Data Pipelines
Key concepts
DataSet - content entity that stores the association between a source plugin and a pipeline Pipeline - handles validation and transformation for indexing. Made up of validation and transform plugins. Validation - handled by core's validation API Transforms - plugins that either handle transforming an entire record or a single field.
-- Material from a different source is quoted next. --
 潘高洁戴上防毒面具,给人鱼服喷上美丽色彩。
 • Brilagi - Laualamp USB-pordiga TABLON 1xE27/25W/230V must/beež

Very similar to migrate process plugins.
Source plugins
Source plugins form the bundle of the dataset content entity.
You can add a new source plugin just as you would any other plugin.
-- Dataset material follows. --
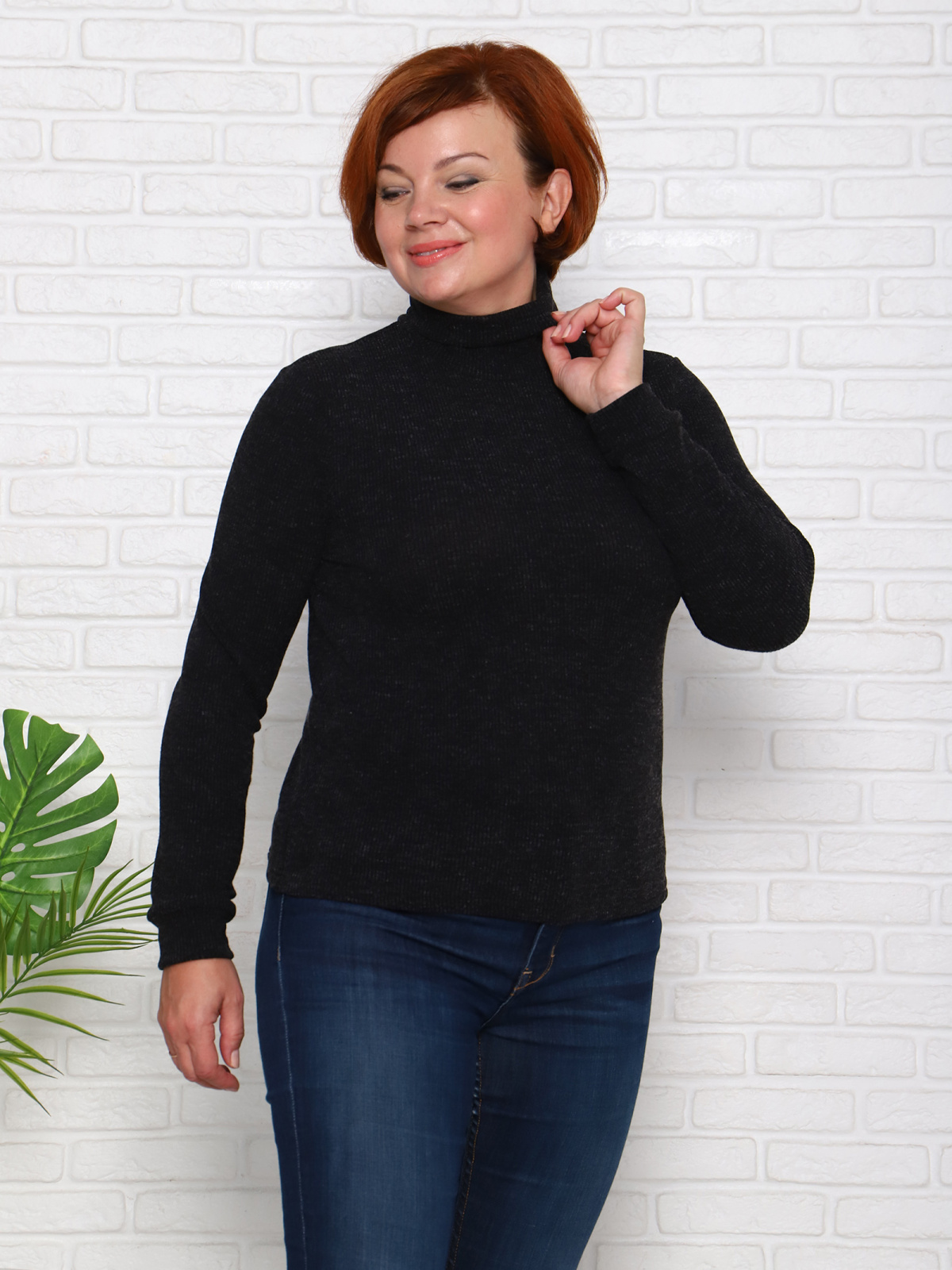 Блузка (водолазка) женская с втачным длинным рукавом на манжете и высоким воротником — стойка.

A source plugin needs to implement two methods - extractDataFromDataSet
and
buildFieldDefinitions
The field definition should return the field used to store the data. E.g. for
the CSV File source, this is a file field.
The extract data method then deals with getting data out of the given field.
Transform plugins
Transform plugins can take a record, or a field and apply a transform.
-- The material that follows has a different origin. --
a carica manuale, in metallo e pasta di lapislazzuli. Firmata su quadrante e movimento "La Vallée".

They should extend from TransformPluginBase
and implement one or both of
doTransformField
or doTransformRecord
.
Both of these methods take a DatasetData
object as a parameter, and should
operate on it and return the transformed version.
The doTransformField
method also takes the field name. The field value can be
accessed from the passed DatasetData
object.
Use the fields
and records
properties in the annotation to signify which
sorts of transforms it supports.
Pipeline plugins
Pipelines are defined in YML. They consist of an ID and label, as well as a
series of optional field and record validations and transforms.
Pipelines should be listed in a file in the root of your module named
{yourmodule}.data_pipelines.yml
.
E.g. if your module machine name is whizbang
, then the file will be
modules/whizbang/whizbang.data_pipelines.yml
.
Here's a sample definition:
a_pipeline:
label: 'A data pipeline'
transforms:
field:
some_field:
- plugin: map
map:
Y: true
N: false
record:
- plugin: concat
fields:
- lastname
- firstname
as: full_name
separator: ', '
validations:
record:
ItemCount:
expectedCount: 3
field:
firstname:
NotBlank:
message: 'Firstname is required'
Length:
min: 3
minMessage: 'Firstname should be at least 3 characters'
The top level keys are:
- label
- transforms
- validations
The transforms
key has two sub-keys as follows:
- field
- record
The field
key is a series of named field transforms. The keys of which are
the field names by which data can be accessed in the DatasetData
object.
The value is a sequence of transform plugins and their configuration. You can
define multiple transforms for the same field.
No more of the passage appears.